Novel Parameter Estimation and Radar Detection Approaches for Multiple Point-like Targets: Designs and Comparisons
Pia Addabbo, Jun Liu, Danilo Orlando, Giuseppe Ricci

TL;DR
This paper introduces two novel radar detection and parameter estimation methods for multiple point-like targets, combining maximum likelihood, Bayesian learning, and adaptive strategies for interference and target number estimation.
Contribution
It presents the first joint maximum likelihood and Bayesian learning approach for target parameter estimation and introduces an adaptive method for estimating the number of targets.
Findings
The joint ML and Bayesian approach improves parameter estimation accuracy.
The energy-based detection strategy enhances detection performance at high SNR.

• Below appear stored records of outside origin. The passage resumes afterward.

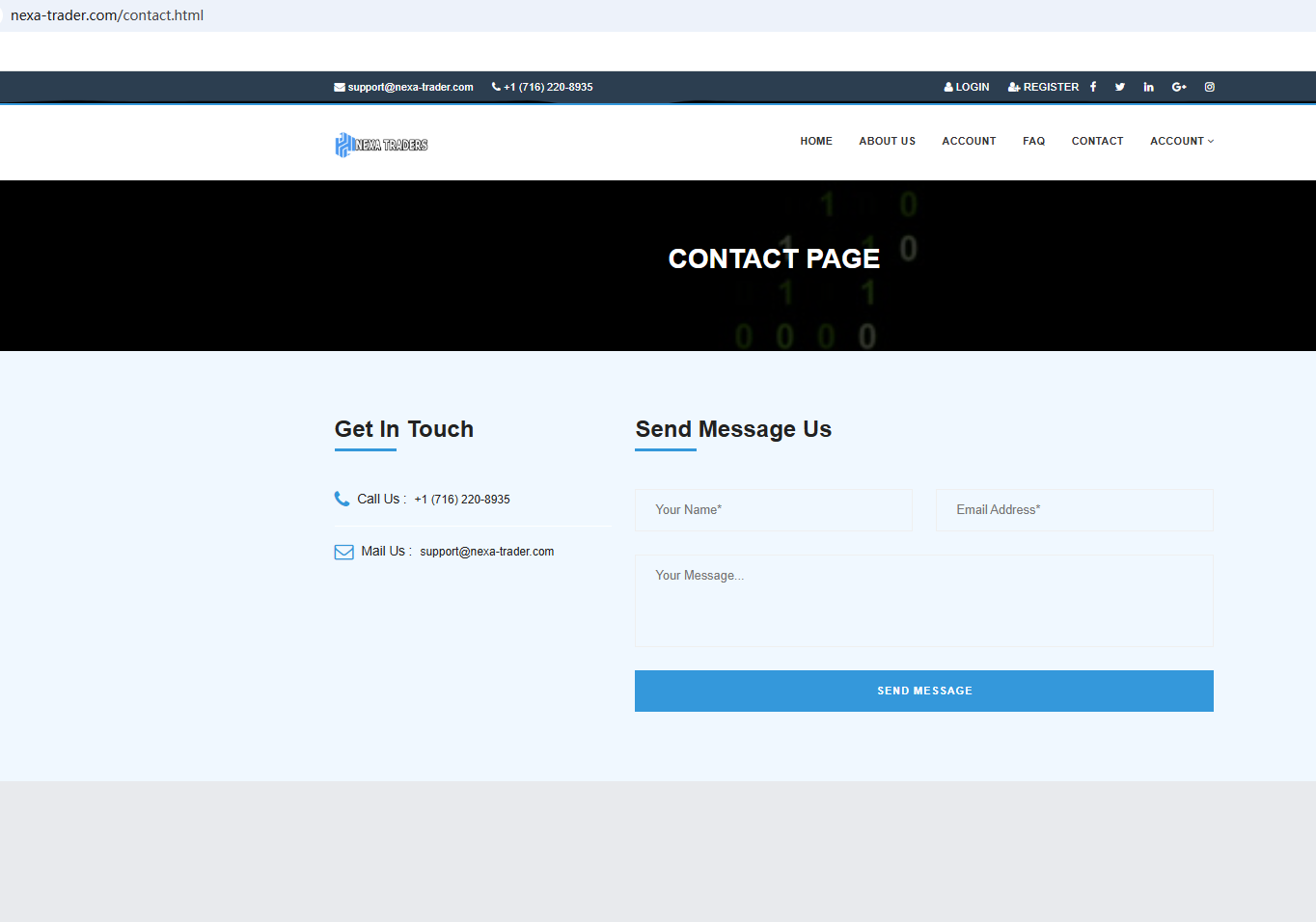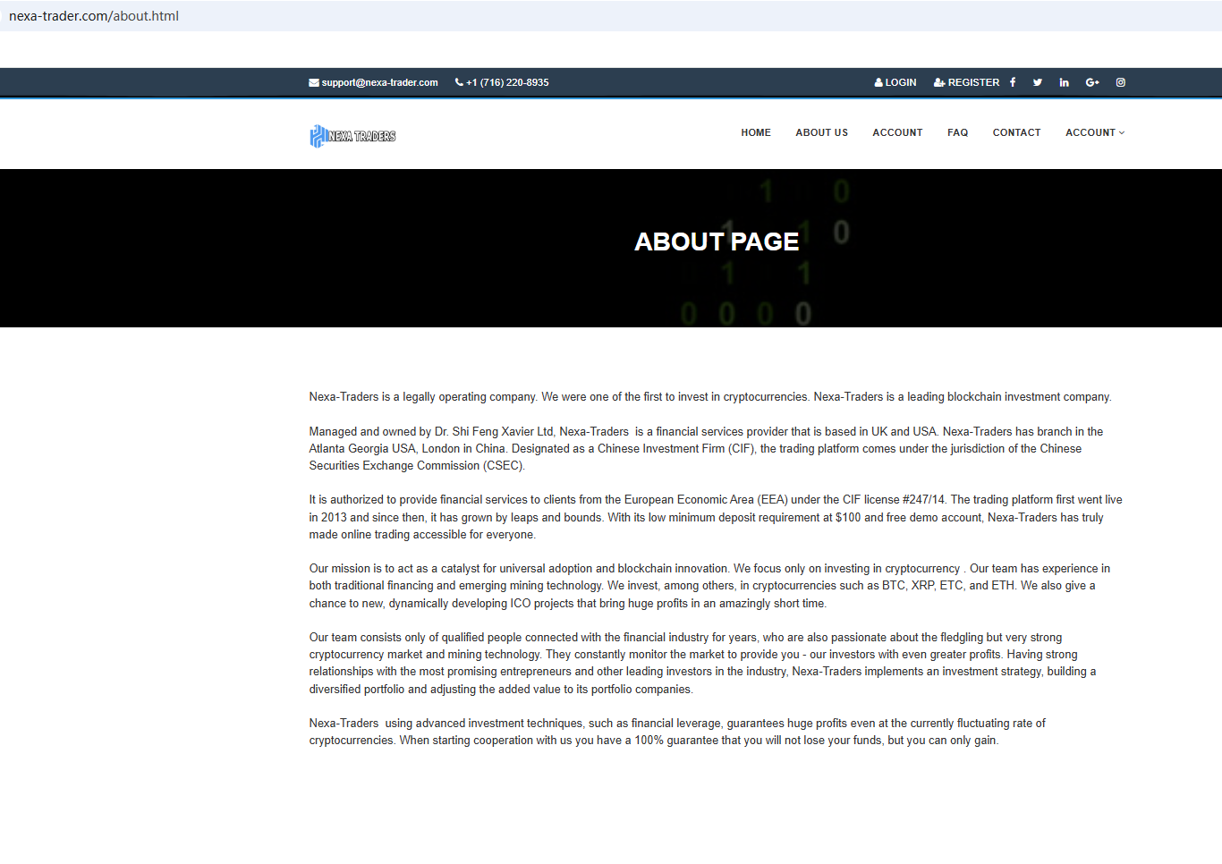 According to its website, it claims to be registered in both the UK and the US. Upon investigation, no matching information was found with the National Futures Association (NFA). Furthermore, we found that the Financial Conduct Authority (FCA) issued a warning regarding Nexa Trader(s), suspecting that this company may be offering financial services or products without the necessary authorization.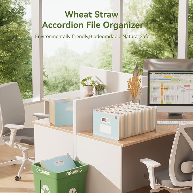 - 【Wheat Straw Material】Ecostash's Wheat Straw Open Top Accordion File Organizer are BPA-free, making them safer and healthier compared to plastic and paper file folders. Unlike plastic and paper hanging folders, wheat straw material is sourced from renewable agricultural waste, reducing dependence on petrochemical plastics and forest logging. This helps reduce greenhouse gas emissions, making a collective contribution to protecting the Earth's ecology.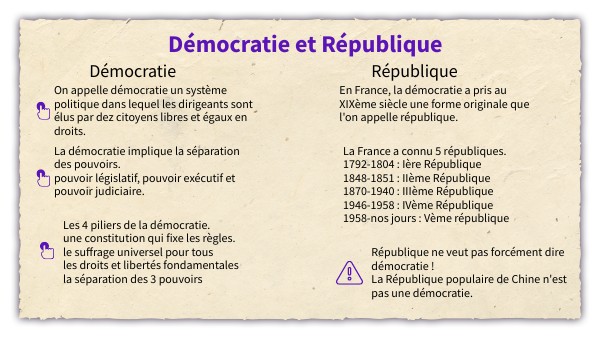 En France, la démocratie a pris au XIXème siècle une forme originale que l'on appelle république.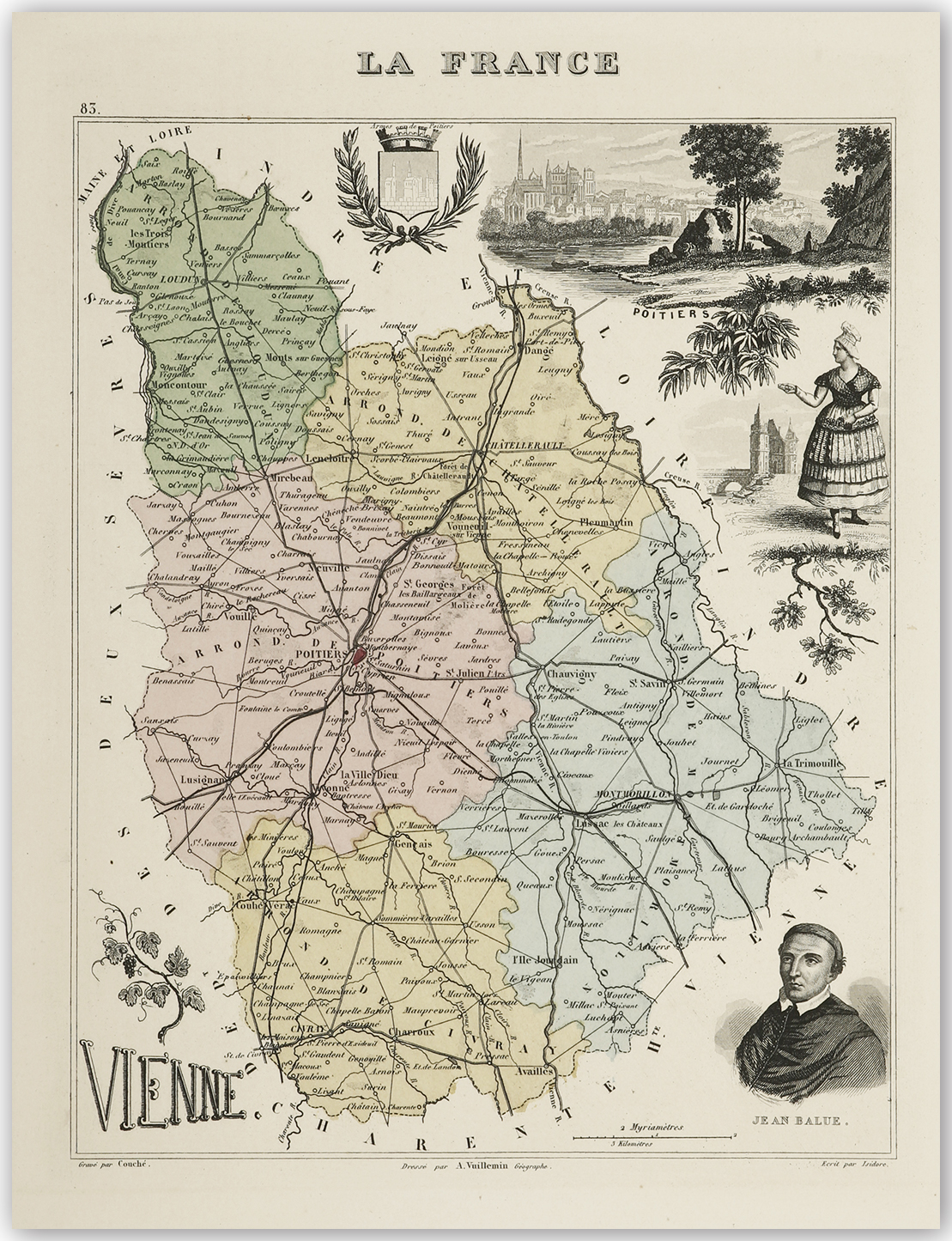 Decorative C19th map of Vienne with numerous vignettes including a view of Poitiers and a portrait of Jean Balue, French cardinal and minister of Louis XI.
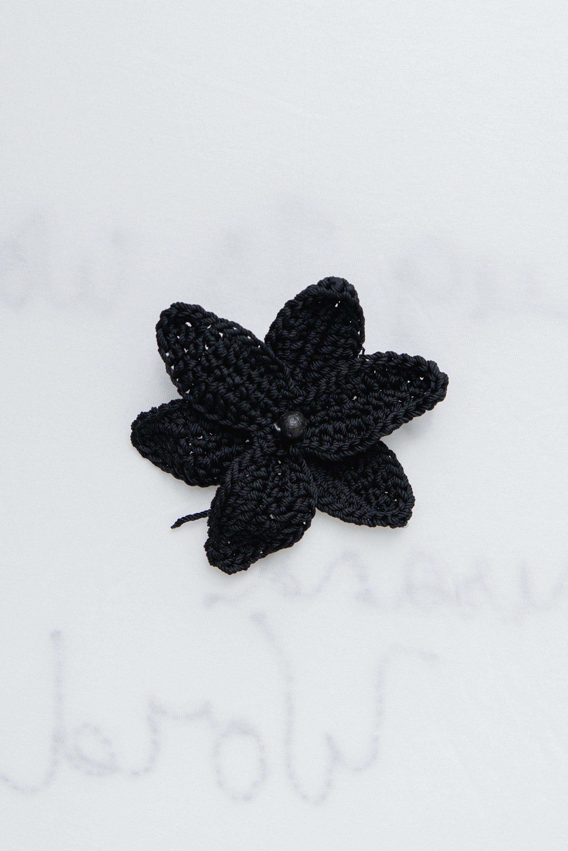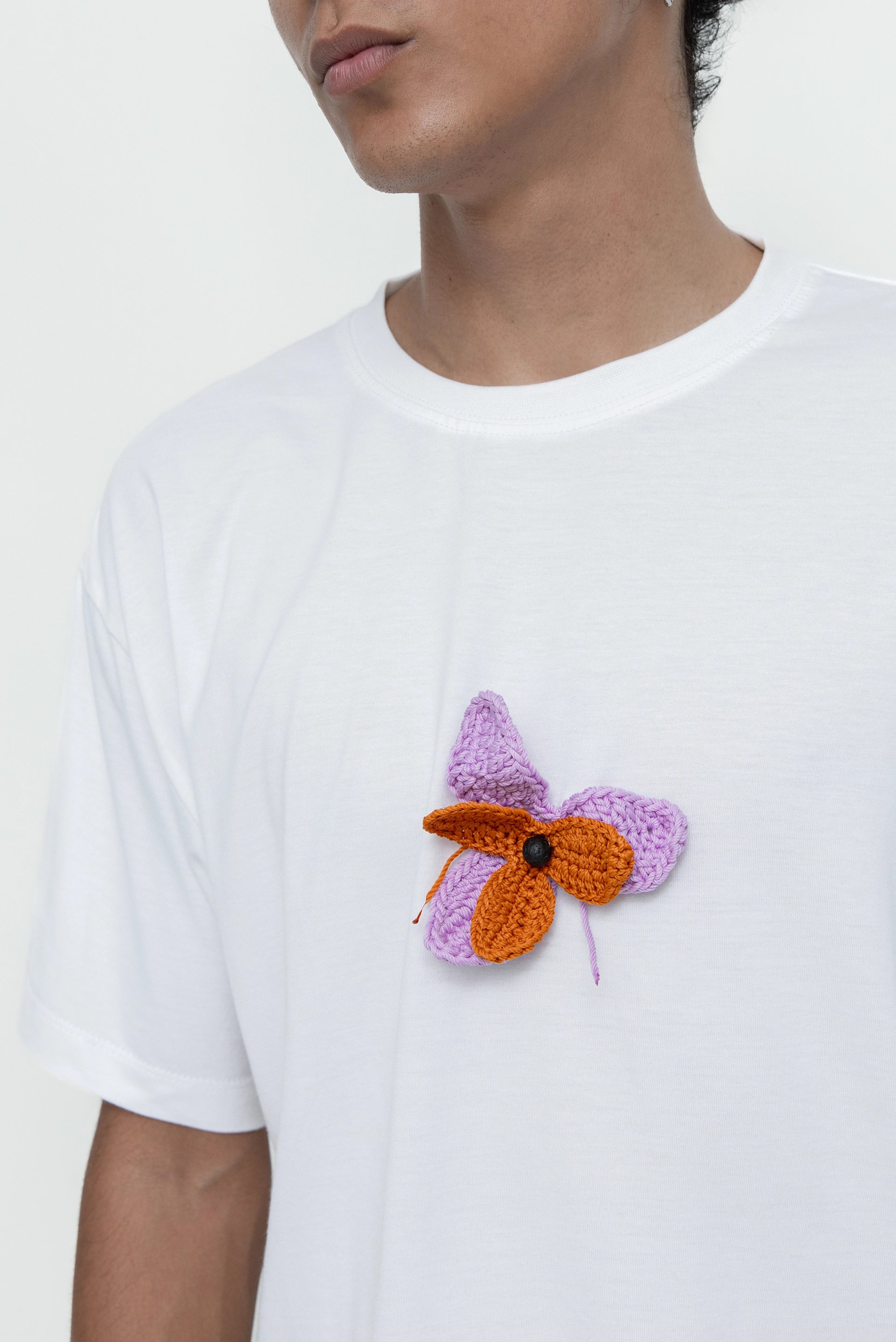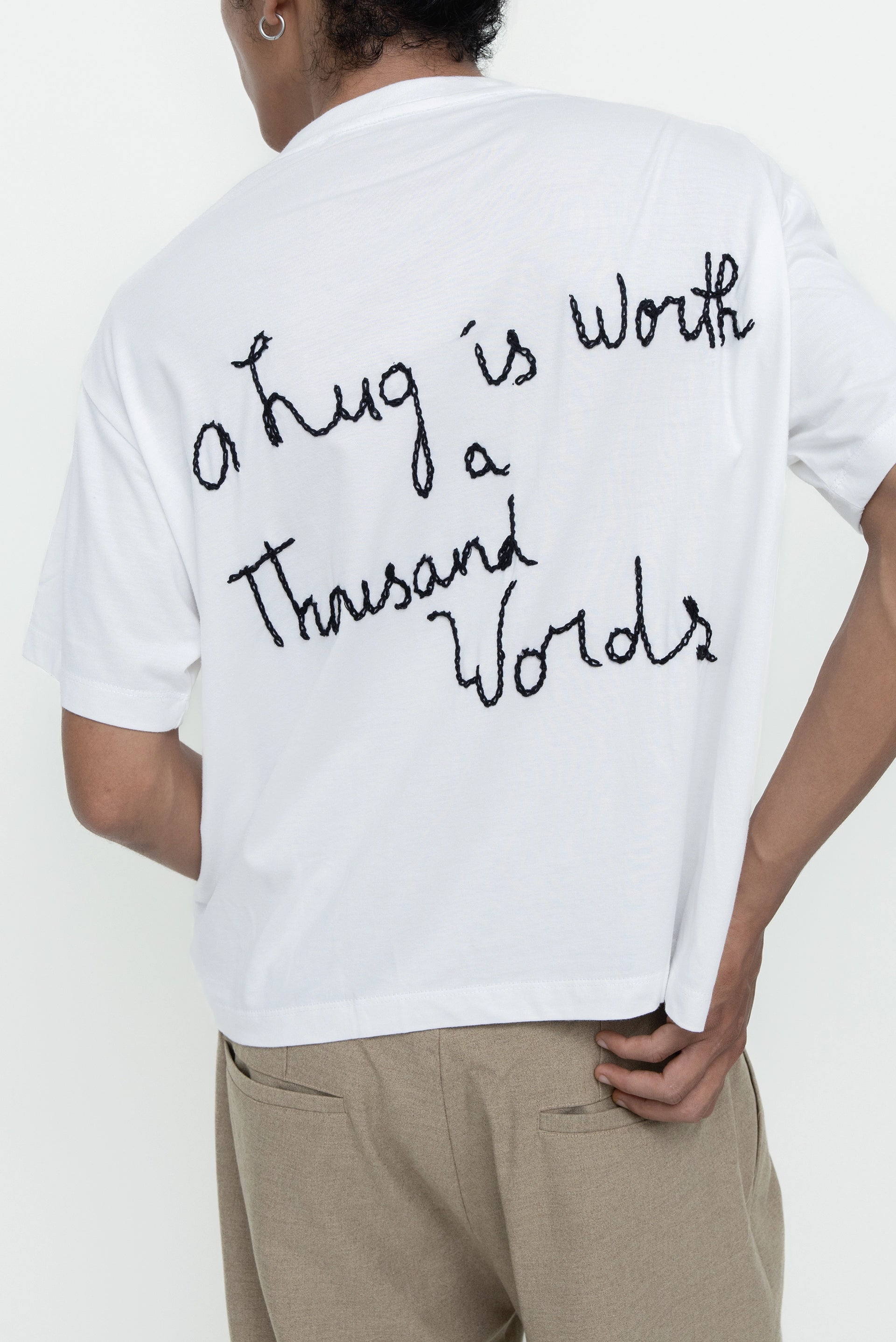 T-shirt collaboration with Rama Dauhan with hand embroidery, "a hug is worth a thousand words" wording on the back, and unique flowers on the front. The model is cropped fit.

Adaptive estimation of target number improves robustness in varying scenarios.
Abstract
In this work, we develop and compare two innovative strategies for parameter estimation and radar detection of multiple point-like targets. The first strategy, which appears here for the first time, jointly exploits the maximum likelihood approach and Bayesian learning to estimate targets' parameters including their positions in terms of range bins. The second strategy relies on the intuition that for high signal-to-interference plus-noise ratio values, the energy of data containing target components projected onto the nominal steering direction should be higher than the energy of data affected by interference only. The adaptivity with respect to the interference covariance matrix is also considered exploiting a training data set collected in the proximity of the window under test. Finally, another important innovation aspect concerns the adaptive estimation of the unknown number of…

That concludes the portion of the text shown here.